The anchorage was busy with a regular turnover of boats heading east and west. Most are cruisers on their own boats but Fajardo, on the east end of Puerto Rico, is developing a charter fleet so we did see several of them anchoring close. They were generally very friendly and full of questions about Culebra and the cruising life in general.
Mamacita's with the canal and bridge into the anchorage.

Culebra is famous for having Flamingo beach that is frequently on lists of the world’s best beaches and draws a lot of tourists to its many small guest houses and bungalows. We had an enjoyable walk up past the airport half way to the beach when a lovely young Spanish couple in their rented golf cart offered us a lift. After a brief but enjoyable visit they dropped us at the Flamingo Bay Guest Cottages. We immediately met another couple from Maine who were staying in one of the cottages. They have returned to the Cottages for several years and were also very interesting and well-travelled in the Caribbean.It is fun meeting happy people.

Culebra is equally famous for having very clear water and many extraordinary snorkelling locations most notably at Isla Culebrita on the east side and Tamarind Beach on the west side. We were fortunate enough to see a turtle when we took our dinghy through the canal on a snorkelling trip to Tamarind.
The 10' high wooden monkey that welcomes the ferry passengers to Culera.
He is at the west end of the canal through to the anchorage.
The weekends are busy at Culebra when the Puerto Rican sport fishing fleet, locally known as the Puerto Rican Navy, arrives from Fajardo and San Juan. The bay is really colourful on a Saturday night as many of the fleet have underwater coloured LED lights, blue the predominant colour of choice.

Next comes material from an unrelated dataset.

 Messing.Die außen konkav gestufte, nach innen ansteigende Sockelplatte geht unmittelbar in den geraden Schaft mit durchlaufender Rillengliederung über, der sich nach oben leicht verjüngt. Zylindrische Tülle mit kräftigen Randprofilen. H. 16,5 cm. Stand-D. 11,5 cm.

Surprisingly, as with other Puerto Rican anchorages, Culebra’s night life ended early and by comparison to Cuba, Jamaica and the Dominican Republic, very quiet.

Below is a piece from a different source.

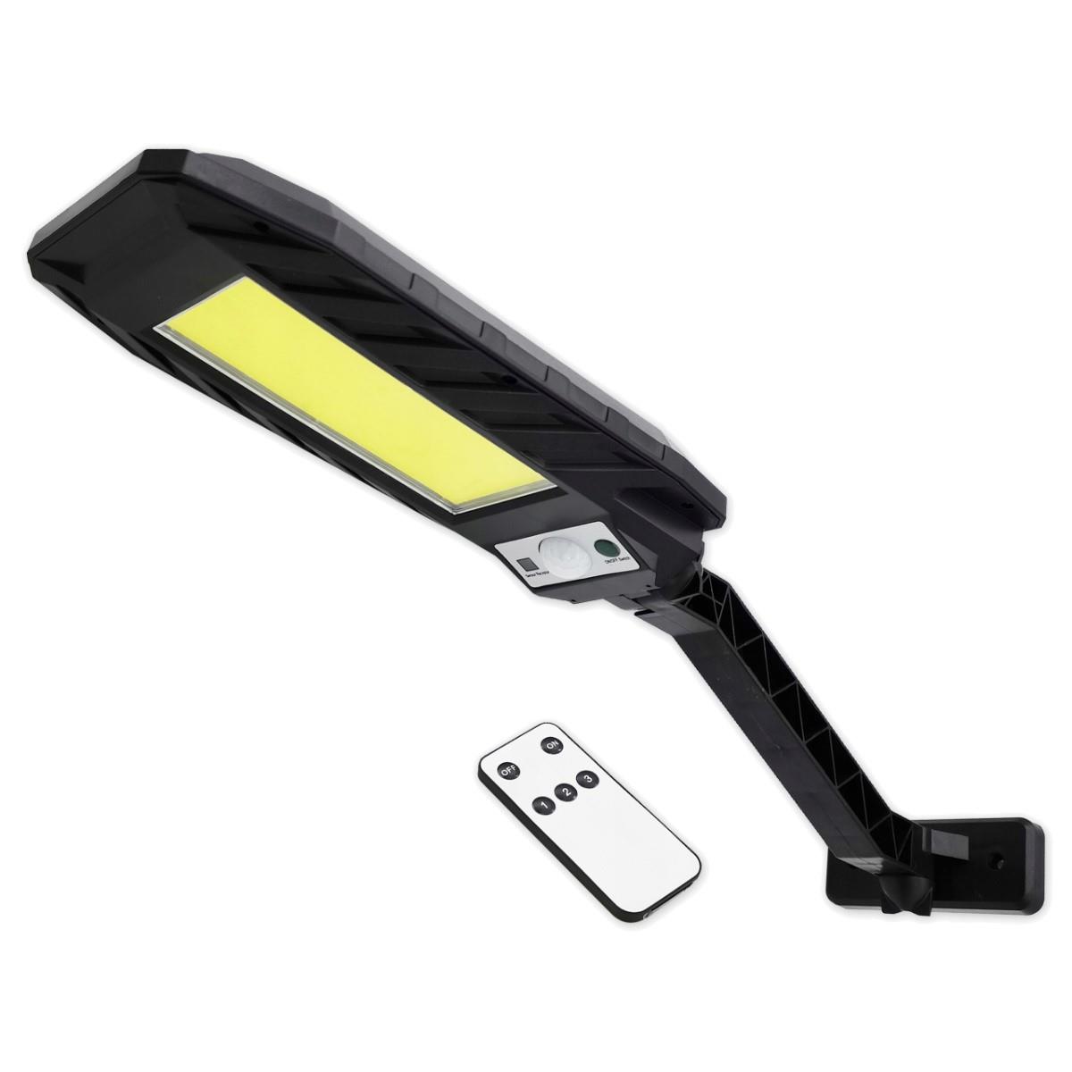 Naświetlacz LED o mocy 10W zasilany energią solarną, wyposażony w czujnik zmierzchu i czujnik ruchu PIR oraz pilot IR do sterowania.

Our Spring break visit in the British Virgin Islands from family was drawing close so we prepared to weighed anchor and set course for the US Virgin Islands. First, as instructed in the cruising guide books and by several cruising friends, we gathered our papers and walked to the airport to file our departure and to receive the zarpe to enter St Thomas. We had questioned the need for this because both locations are under the control of the US but we were assured for various reasons the beurocracy demanded it. Hmm, we do not know if it was a recent change but Puerto Rican officials did not need to see us but assured us St Thomas officials would. Just another unnecessary walk on a hot day while we were preparing to leave. Life is good and we are smiling.

Wednesday, March 18, 2020

Isla Vieques, Puerto Rico


West end of Vieques, Esperanza and Ensenada Honda

Rather than continue north along the east coast of Puerto Rico we decided to sail east out to Isla Vieques, the start of the Spanish Virgin Islands. Both Vieques and her sister island, Culebra, had large portions held by the US Navy which they used for target practice. The Navy quit shelling Culebra in the 70’s but Vieques was still an active bombing range in the early 2000’s when I often visited the island while I was working on San Juan’s Tren Urbano, (urban train). The shelling was often audible from Esperanza on the south coast. The Island gained some notoriety at that time when a civilian Puerto Rican guard was killed by an errant shell which missed its intended target. The Navy’s initial response, that it was the guard’s fault because if he had stayed in his guard shack instead of walking across the road to urinate he would still have been alive, was met with a predictable outcry. It was probably the final catalyst that led to Puerto Rico holding a referendum to leave the US.  The wording of the three (actually there were five but two were even less comprehensible than the other three) choices were confusing and the translations provided were somewhat contradictory regarding, status quo, statehood or independence, so the vote was not conclusive and status quo was the outcome. The ill will towards the military was palpable and the Navy ultimately quit the bombing practice and left. The positive side of this is that the beaches were off limits for so long they are incredible places to snorkel and dive. US Park Service have taken some of the lands but there are ongoing talks as to the disposition of the remaining tracts.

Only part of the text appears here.